Interpretation of hierarchical model results - difference in group level parameter mean

Hi all,
this is maybe a trivial question, but I just can’t figure out where i’m going wrong…

I have data that has a 3-level hierarchy: 2 groups of subjects -> ~ 40 subjects each -> 50 sessions per subject (with 20 trials per session). For simplicity let’s say that for each session I then fit 1 parameter. There is no structure across sessions, i.e. i’m ignoring that there may be systematic effects how all participants might perform better in session 50 than in session 1. My measure of interest is how variable subjects are between sessions and whether this differs between the groups.

Based on help here on the forum before (Parameters during warmup far outside prior range), I have tried modelling the data in two ways: either taking into account the 3-level hierarchy or ignoring it. If I ignore it, I instead do: 2 groups of subjects -> 40*50 sessions. From the output of the two-level model, I then (in Matlab) again compute the parameter for each subject by averaging across the sessions.

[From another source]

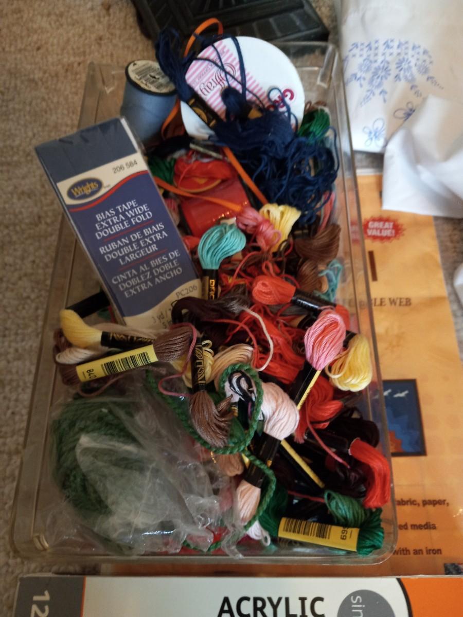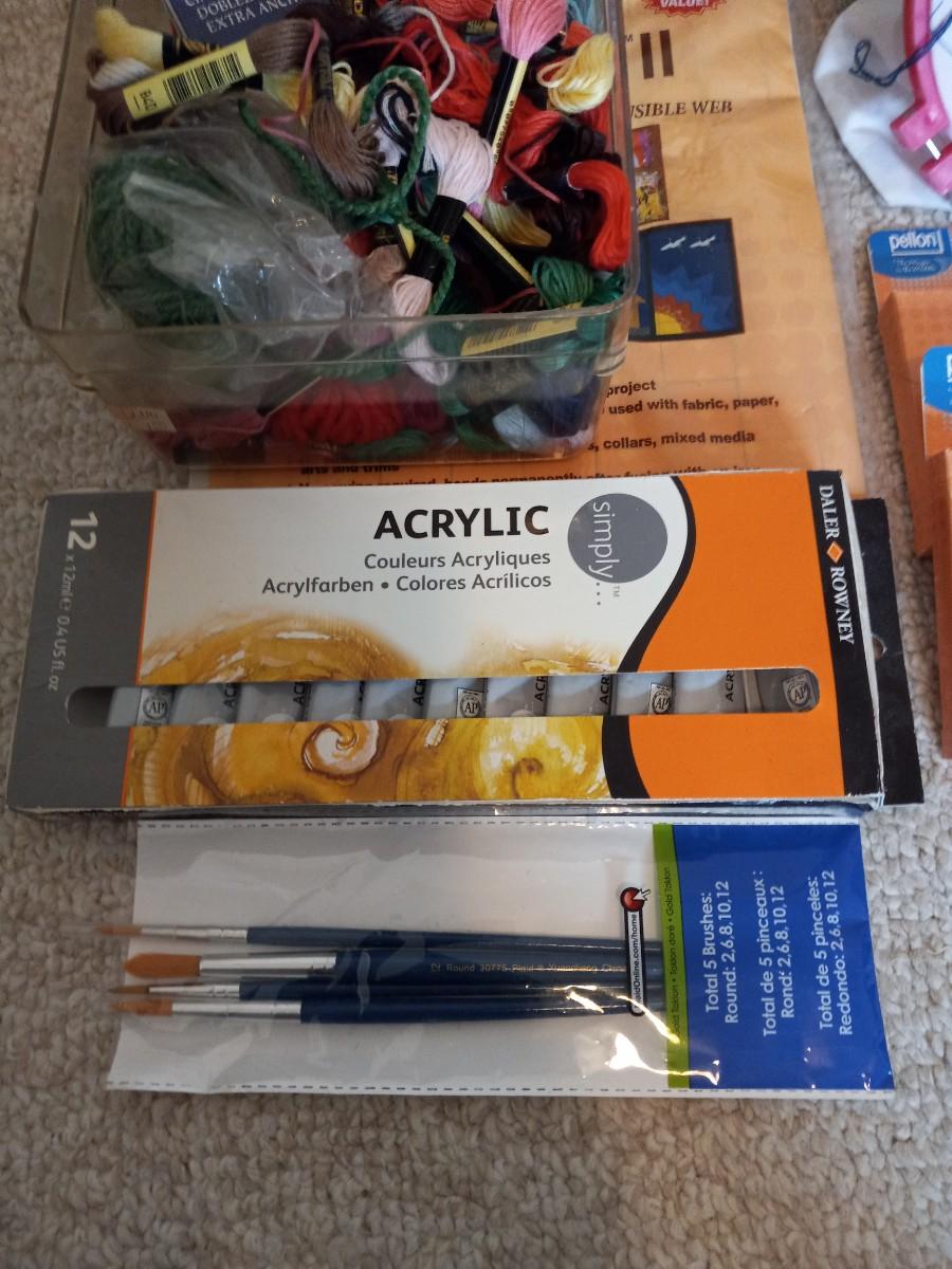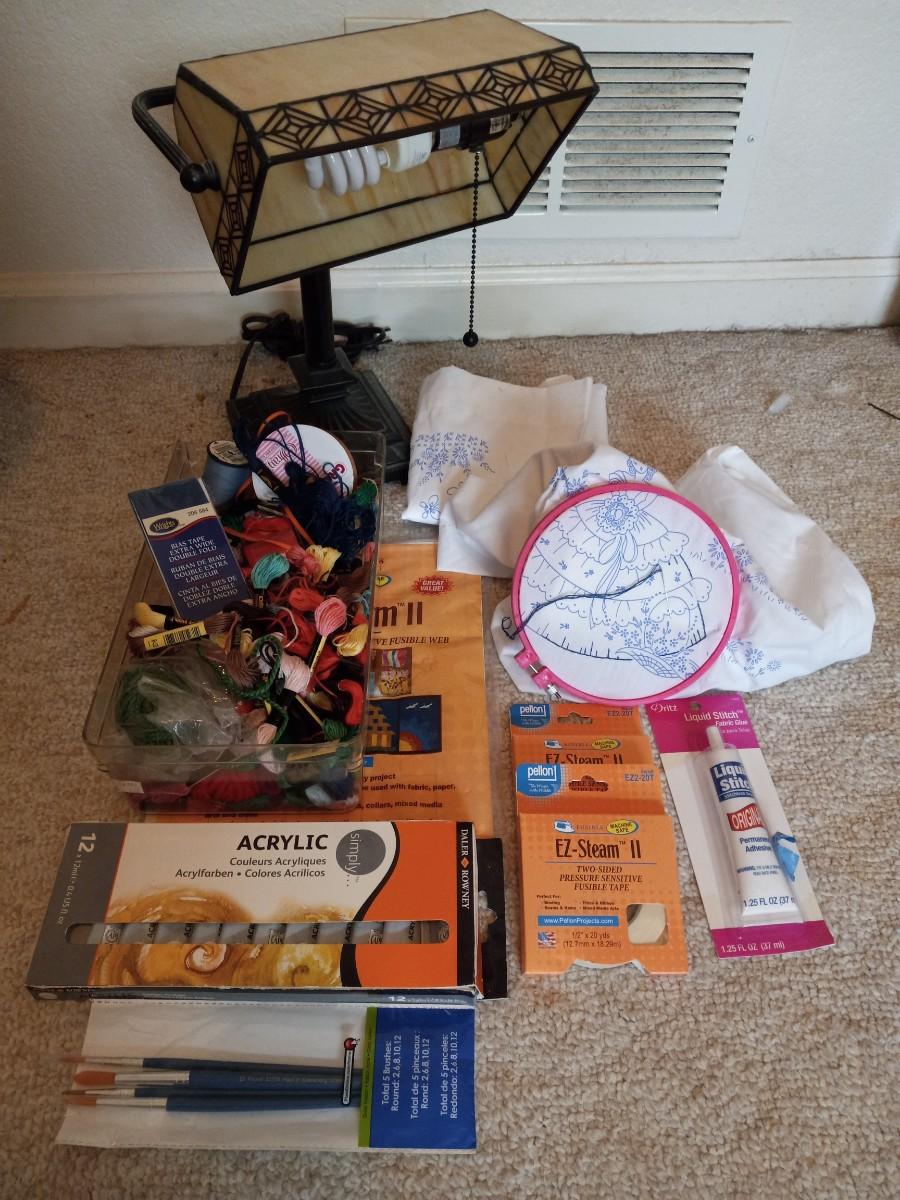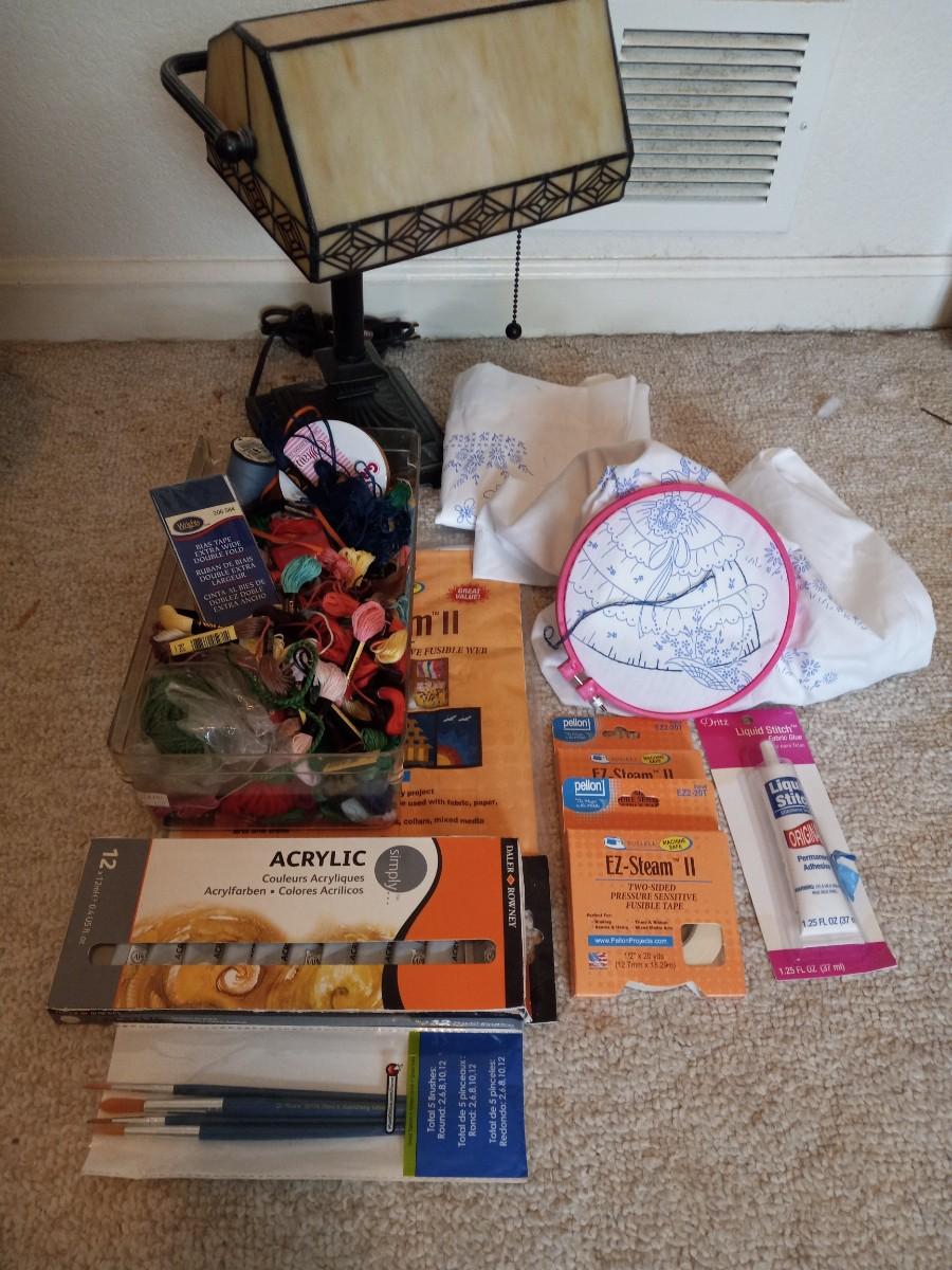 LOT 199 EMBROIDERY THREAD, ACRYLIC PAINTS, DESK LAMP AND MORE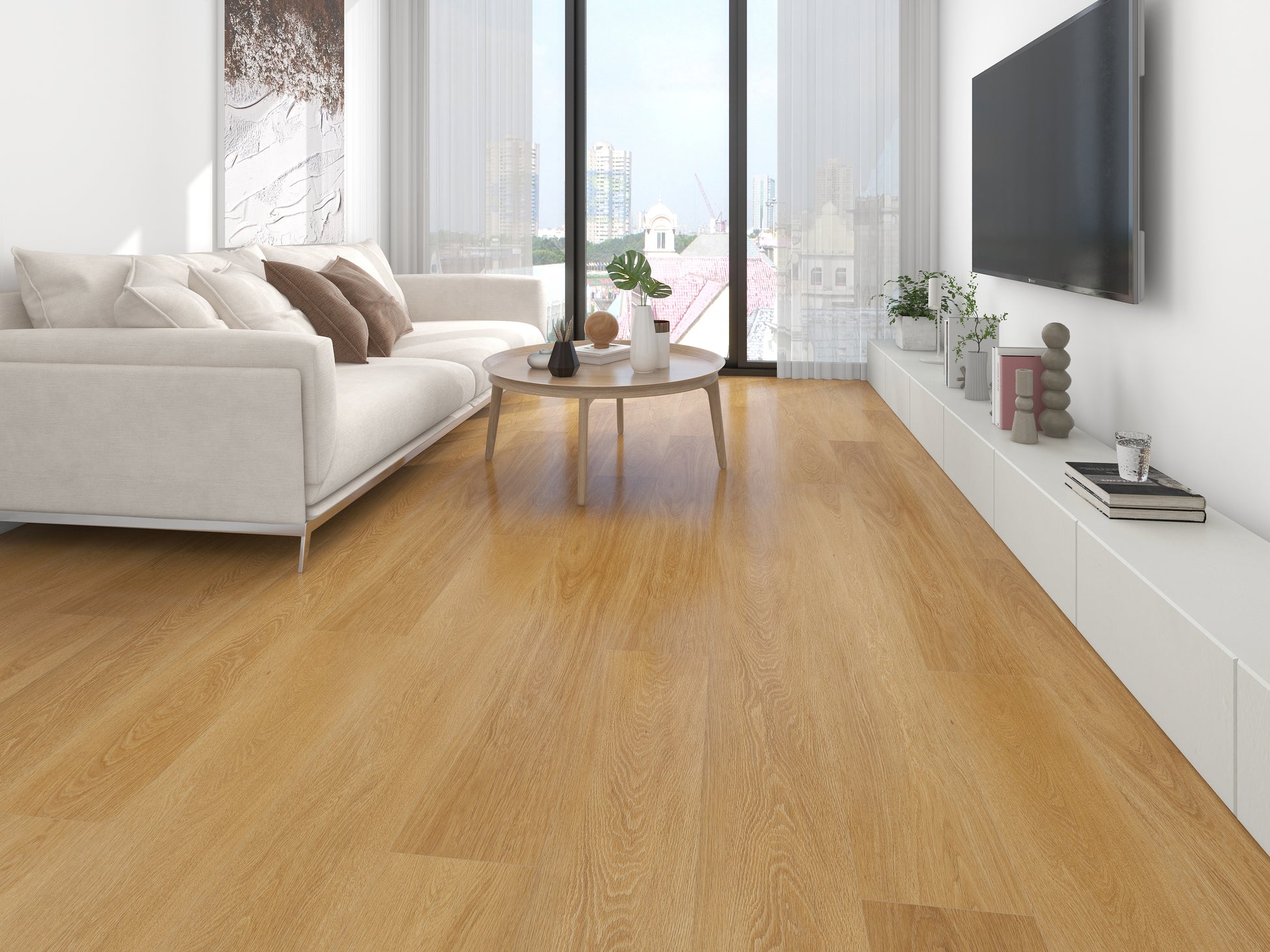8mm Hybrid Flooring—Engineered with a multi-layer construction, it combines the authentic wood-look visuals of vinyl with the rigid core stability of laminate, delivering exceptional resistance to scratches, stains, and moisture. At 8mm thick, this flooring offers a comfortable underfoot feel while ensuring easy installation with its click-lock system. Suitable for high-traffic areas like kitchens, bathrooms, and living rooms, it requires minimal maintenance—just sweep or damp mop to keep it looking pristine for years.

Surprisingly, when I simulate data from the 3-level hierarchy, I find that the recovered parameters from the 2-level model correlate better with the true parameters than from the 3-level model (for the group level to some extend, but very strongly for the subject and session level). I wonder whether this might be because there is not that much data on each level (i.e. only 20 trials per session etc.). In any case, these simulation results make me think that I should also analyse my real data with the 2-level model. (right?)

Now the confusion I have: I want to compute whether a) the two groups are different in their mean of the parameter and b) whether they differ in how variable the parameter is across sessions (so, the mean of the parameter standard deviation for each subject across sessions).

For b), it seemed straight-forward to compute for each subject the standard deviation across sessions and then the group level mean. When I make a histogram of the 1000 samples (from Stan) for this, the results are about the same as when I do a t-test on the data from the subjects after averaging over the 1000 samples. - so that’s reassuring.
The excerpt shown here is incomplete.